▶ Problem details: Skipping all images, output the listing word for word.

▶ Information provided:
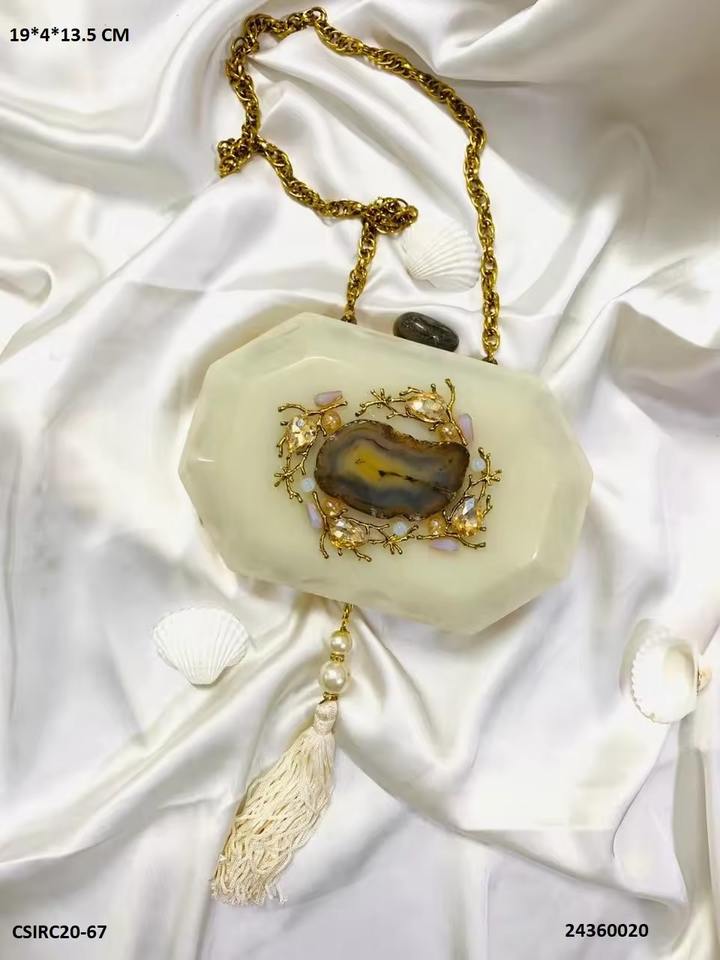Best Quality Handicrafts Round Handbag / Clutch Bag /ladies Purse Mosaic Metal Stone Summer Beach 2024 Hot Selling Women 100pcs
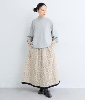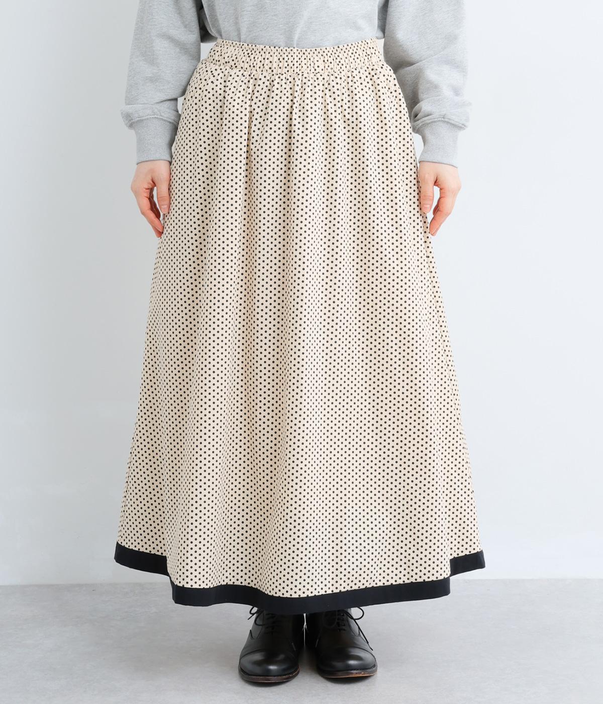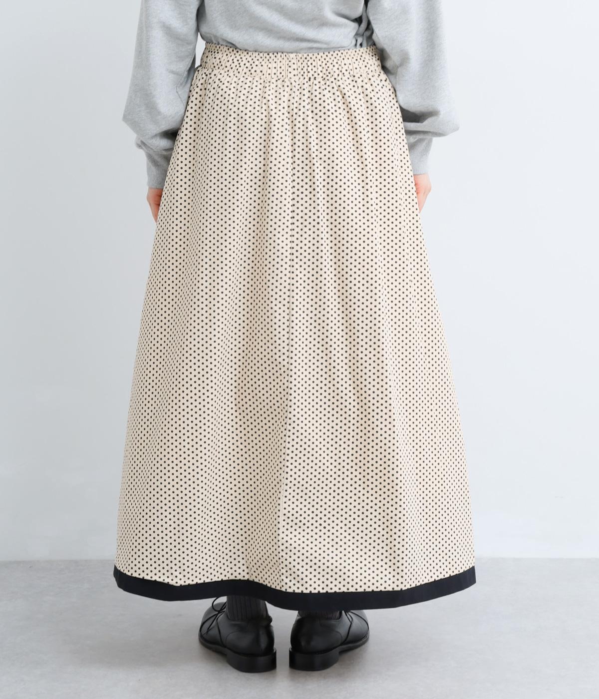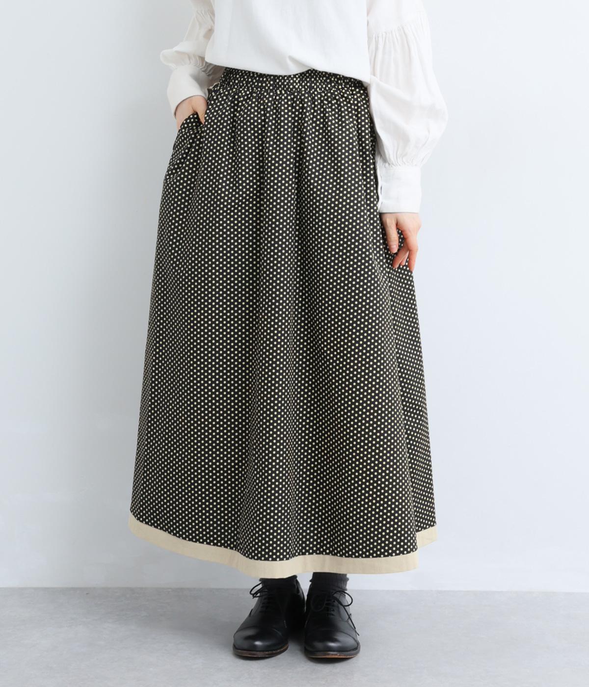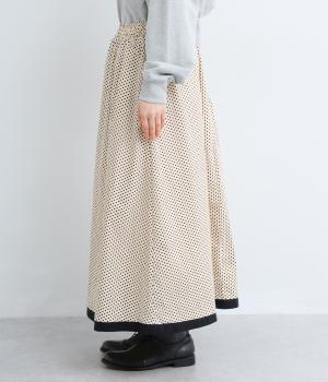 裾を別地で切り替えてアクセントを加えた、ロング丈のフレアスカートです。ウエストギャザーが映える立体的なシルエット。楽に着脱ができるウエストゴム仕立てで、内側の紐で調節をすることもできます。
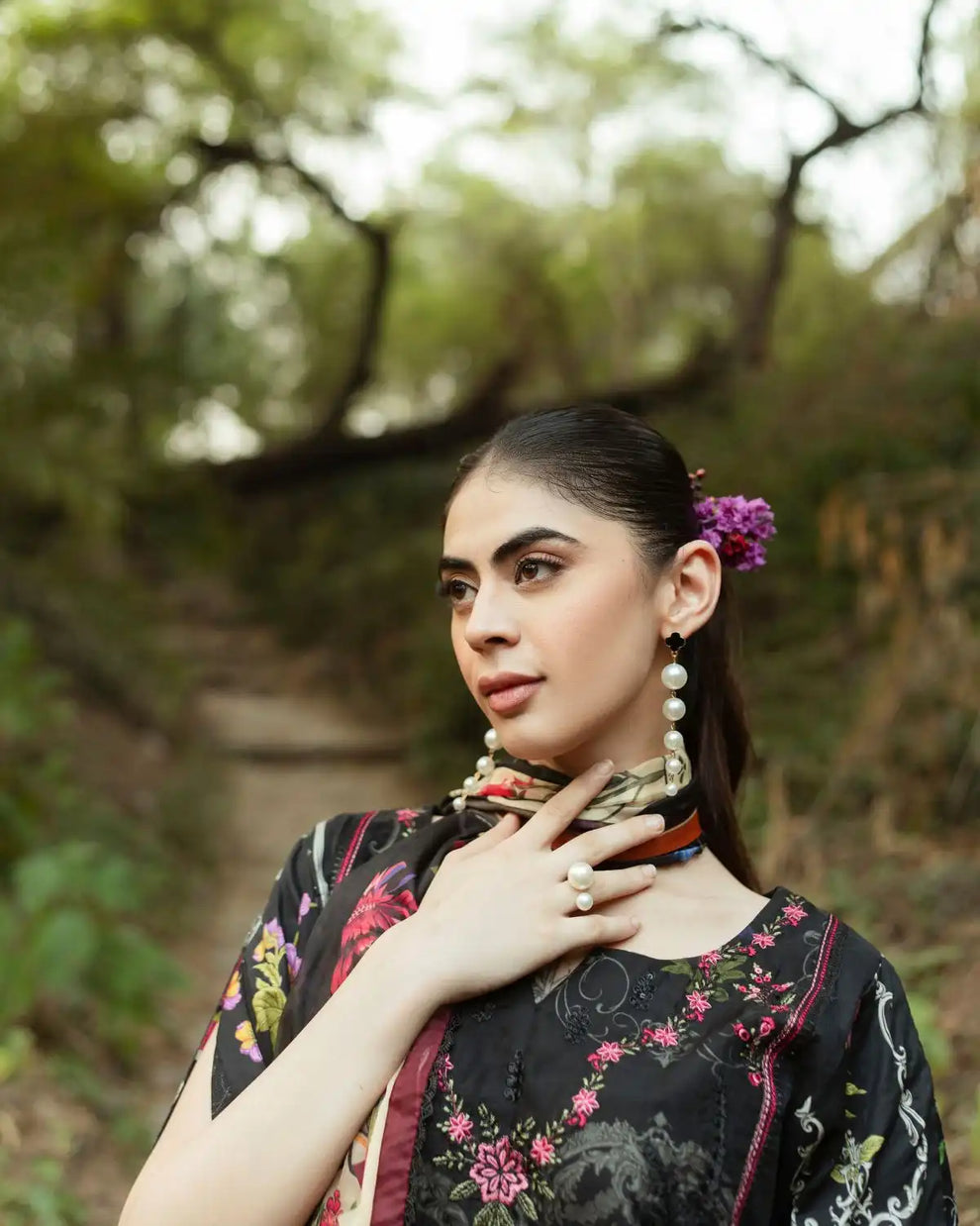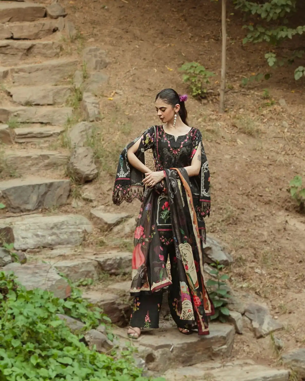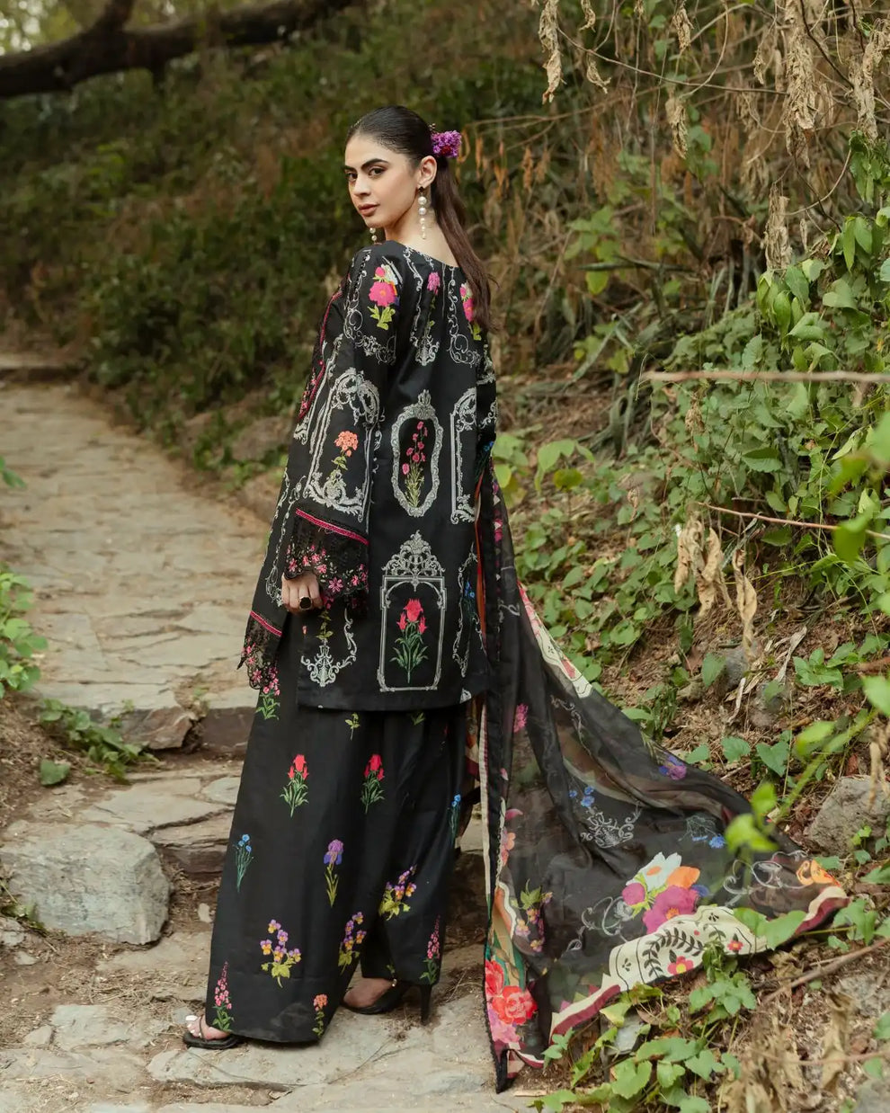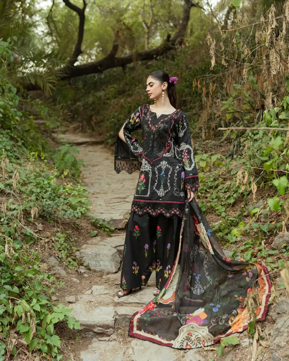 Inspired by Ixora blossoms, this airy lawn dress in coral, sunset red, and salmon features delicate floral embroidery and a breezy farshi shalwar. Paired with a silk digital printed dupatta finished with lace and organza embroidered patches, it radiates warmth, grace, and effortless summer charm

▶ Problem solution:
Best Quality Handicrafts Round Handbag / Clutch Bag /ladies Purse Mosaic Metal Stone Summer Beach 2024 Hot Selling Women 100pcs
 裾を別地で切り替えてアクセントを加えた、ロング丈のフレアスカートです。ウエストギャザーが映える立体的なシルエット。楽に着脱ができるウエストゴム仕立てで、内側の紐で調節をすることもできます。
 Inspired by Ixora blossoms, this airy lawn dress in coral, sunset red, and salmon features delicate floral embroidery and a breezy farshi shalwar. Paired with a silk digital printed dupatta finished with lace and organza embroidered patches, it radiates warmth, grace, and effortless summer charm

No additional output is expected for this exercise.